The current buzzword used with quant investing is the term "machine learning". Many quants may like to appear smarter by peppering their strategy discussions with comments like, "We use machine learning to create new and enhance our existing models." Yet many investors don't fully appreciate that machine learning is a term that refers to a broad set of approaches to data analysis. Many of these techniques have been around for decades. Machine learning can be an all-encompassing term.
At the top of the machine learning taxonomy is the split between supervised and unsupervised learning. Supervised learning is what is done in most cases where there is inferring of a function from data input to a specific output. It involves training input data to reach a target outcome. Unsupervised learning is associated with searching and grouping of input data to find relationships even if there is no specific target output. Within supervised learning there is a breakdown between classification of events and the regression or mapping of sensitivities between input and outputs. Unsupervised learning can be defined as searching for clusters or similarity within a data set.
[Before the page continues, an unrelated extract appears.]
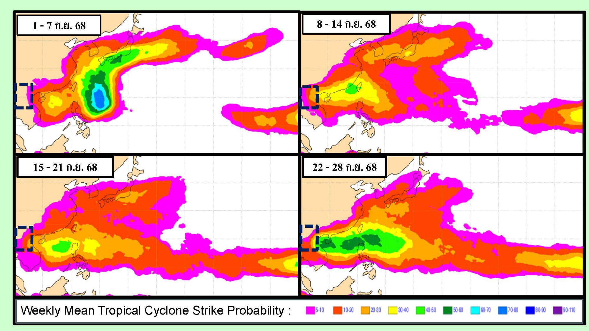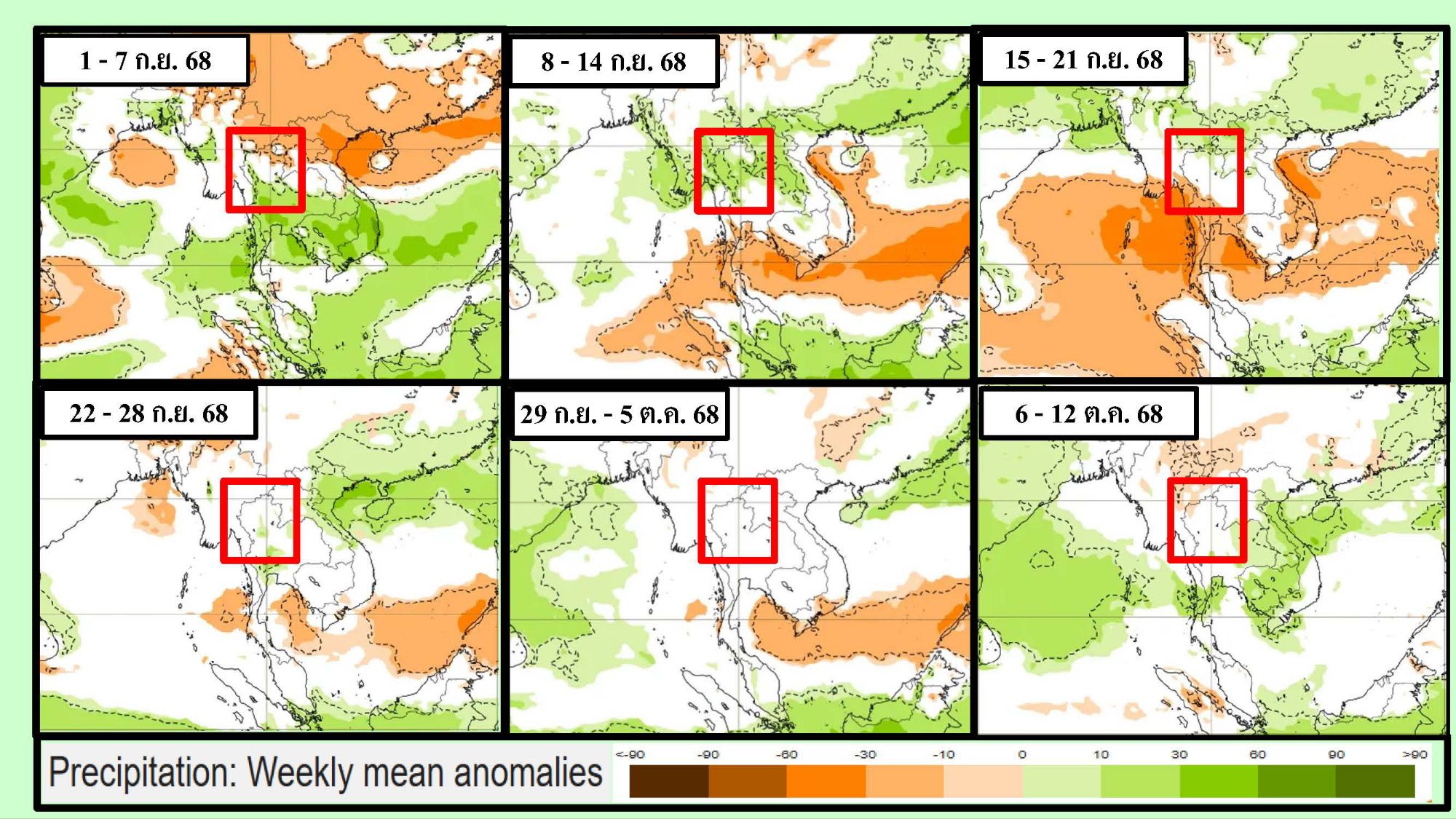 ดร.สุกฤษฎิ์ฯ กล่าวอีกว่า หากมาดูฝนเป็นรายสัปดาห์ในช่วงเดือนกันยายน จะพบว่า ช่วงสัปดาห์แรกตอนบนๆ ซึ่งโมเดลให้สีออกเป็นโทนร้อน สื่อได้ว่าฝนจะใกล้เคียงกับค่าปกติ ส่วนสีโทนเย็นฝนจะใกล้เคียงกับค่าปกติ ซึ่งจะเห็นได้ว่าสัปดาห์แรกตอนบนๆ ฝนจะน้อยกว่าค่าปกติ ส่วนตอนล่างๆ จะมากกว่าค่าปกติเล็กน้อย ตอนกลางของจังหวัดจะใกล้เคียงกับค่าปกติ ภาพรวมในช่วงต้นเดือนกันยายนฝนจะมีปริมาณใกล้เคียงกับค่าปกติ

Understanding how managers go about their data analysis and which techniques they employ to tease-out information on market behavior is the real issue. How are they trying to classify data to find signals on return? How are they using regression to forecast or fit valuations to fundamentals? Or, how are they searching data without a specific relationship model in place? Do they use the right technique for the right problem? Will a different technique provide new insight on the same data? Investors have to ask why a specific technique will provide more useful results.
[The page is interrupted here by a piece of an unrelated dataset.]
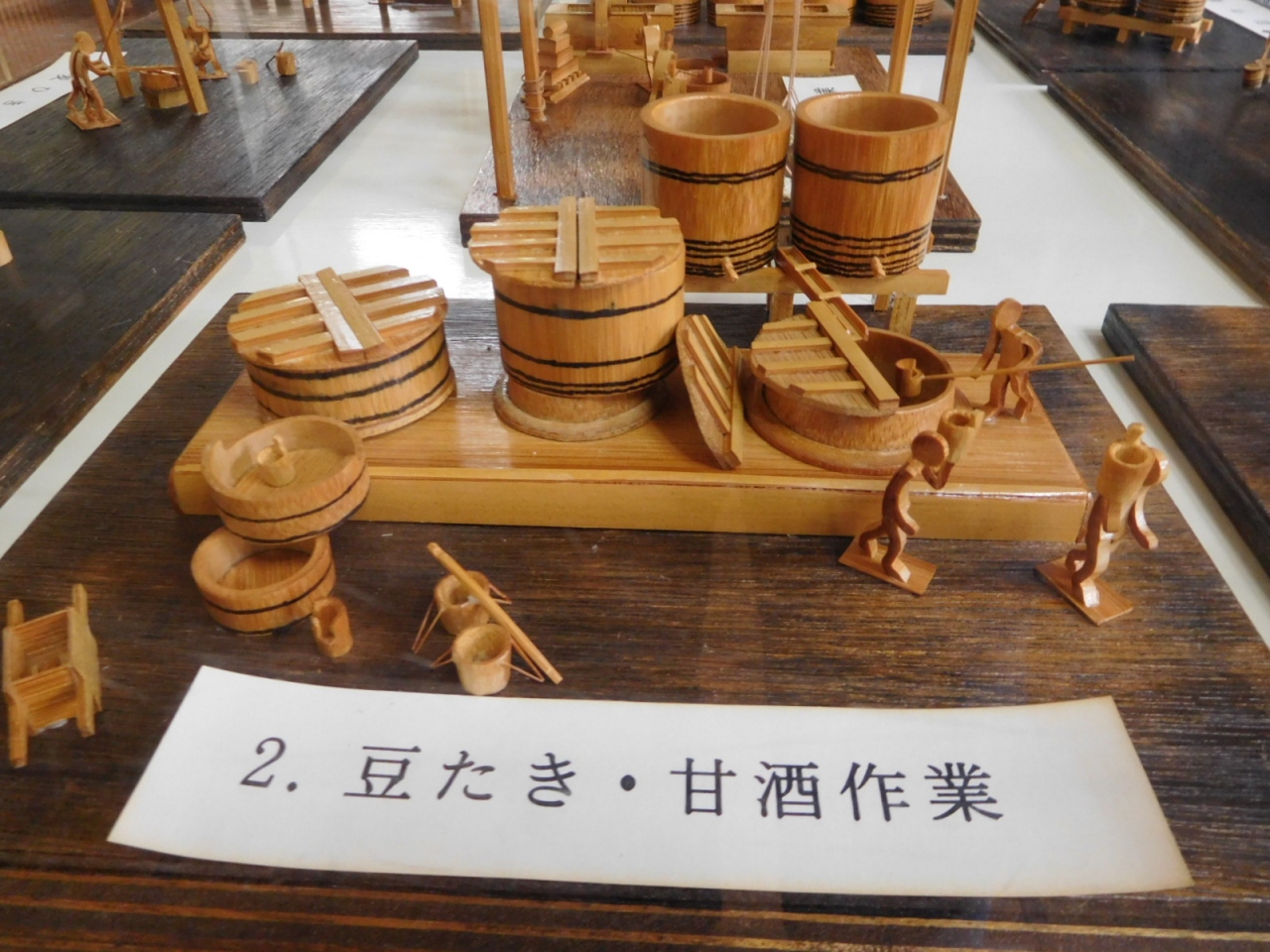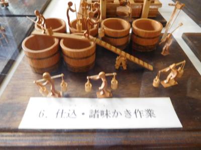 醤油造りの工程を表わした木の人形と、昔使われていた器具が保存されています。

The key use of a broader set of machine learning techniques is that it can open up or restructure data sets to find new relationships and patterns that are not immediately obvious through linear regression, traditional time series, or simple rules. For example, the use of decision trees and categorical analysis may be helpful with finding non-linear relationships that may not immediately apparent in trends or regression.
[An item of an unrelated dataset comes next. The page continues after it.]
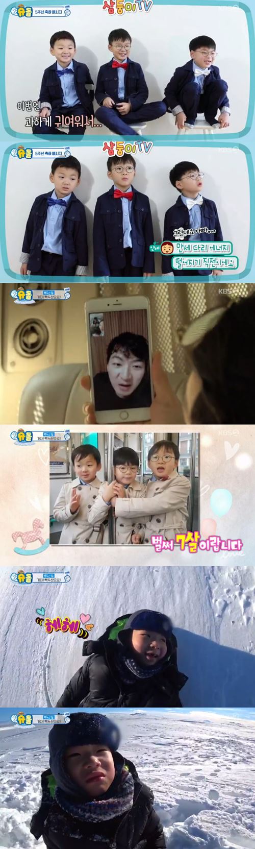 감성이 가득한 민국이는 눈 위에 누운 채 팔과 다리를 움직이는가 하면, 만세는 더 놀고 싶다며 울상을 지어 폭소를 유발했다. '아버지 바라기' 대한이는 송일국의 뒤를 쫓아다니며 깊은 애정을 드러냈다. 어느덧 씩씩한 어린이로 훌쩍 자란 대한, 민국, 만세의 밝고 건강한 소식은 시청자들의 흐뭇함을 고조시켰다.
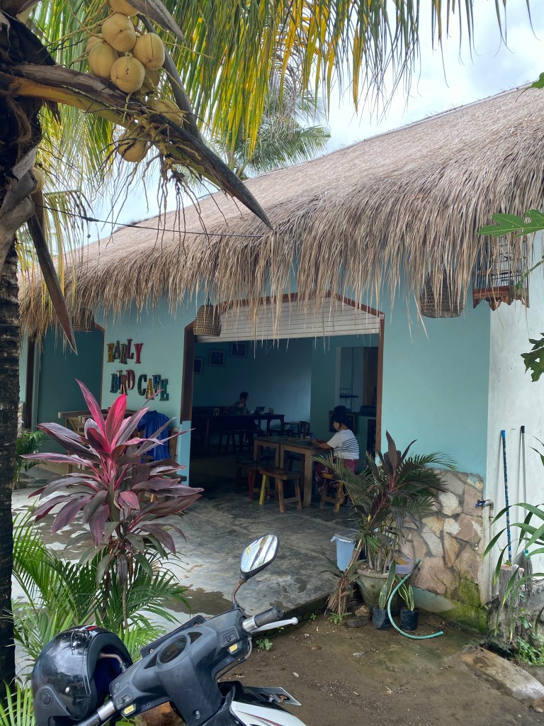 Originally we had planned to go on a guided tour today, but when booming thundershowers woke us up at 5 AM we cancelled it real fast. Instead we made our way over treacherously muddy roads (we only fell over once in the mud!) to a little blue café we’d passed by a few times called Early Bird. There was only one other patron there, there was no window panes at all in the place, just open air, and it was run by a really old Indonesian lady who didn’t speak a lick of English. Stray cats and dogs roamed around, and a brown creek ran alongside the building that was pretty full of litter. Despite this we agreed the place was comfy and served the best puff pastry meat pies we’ve ever had. Actually ever.

Given inexpensive computing power, large data sets, and new statistical techniques, new recurring patterns in prices may be found. Of course, the flip-side to these atheoretical approaches is that data mining is done to excess without regard to sampling bias or the power of the tests. This is why digging into the details of what a manager may mean by machine learning is so critical. If a manager cannot effectively explain the value of their techniques to an investor, then it not likely to these tools will do their job.